I am using the MSP430 :
procedure:
mov.w #0,R7
mov.w #0,R6
add.w R6,R7
inc.w R6
cmp.w R12,R6
jl l$loop
mov.w R7,R12
ret
the above code is a callee and was used in a textbook example so it follows the convention. R6 and R7 are callee saved and R12 is caller saved. My understanding is that the callee saved regs aren't "global" in the sense that changing its value in a procedure will not affect it's value outside the procedure. This is why you have to save a new value into the callee reg at the beginning.
R12, the caller saved is "global", for lack of better words. What the procedure does has a lasting effect on R12 after the call.
Is my understanding correct? Am I missing other things?
Caller-saved registers (AKA volatile registers, or call-clobbered) are used to hold temporary quantities that need not be preserved across calls.
For that reason, it is the caller's responsibility to push these registers onto the stack or copy them somewhere else if it wants to restore this value after a procedure call.
It's normal to let a call
destroy temporary values in these registers, though.

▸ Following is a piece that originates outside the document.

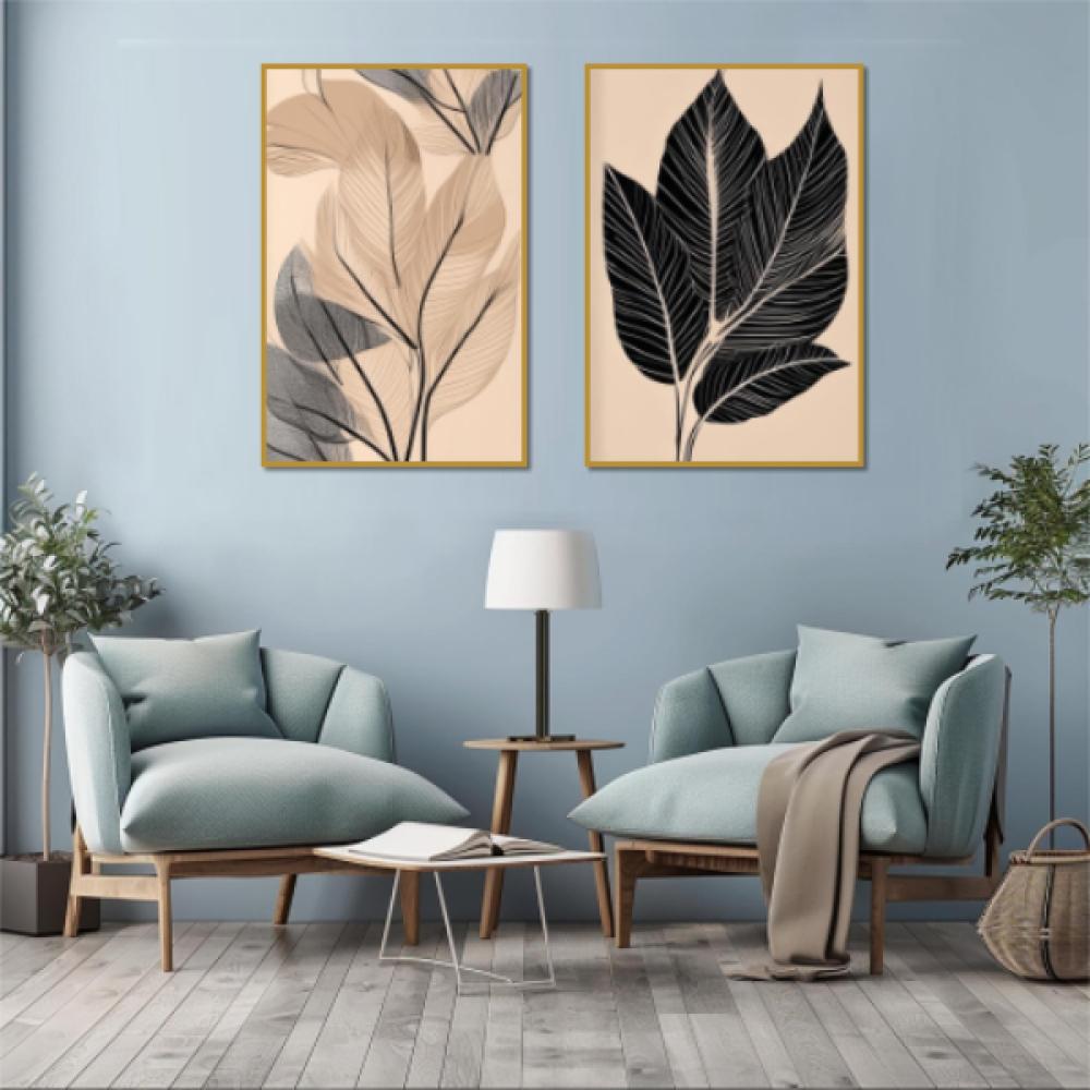 لوحة جدارية راقية مكونة من قطعتين، تضفي لمسة فنية وأنيقة على المساحة وتناسب مختلف أنماط الديكور الداخلي.

Callee-saved registers (AKA non-volatile registers, or call-preserved) are used to hold long-lived values that should be preserved across calls.
When the caller makes a procedure call, it can expect that those registers will hold the same value after the callee returns, making it the responsibility of the callee to save them and restore them before returning to the caller. Or to not touch them.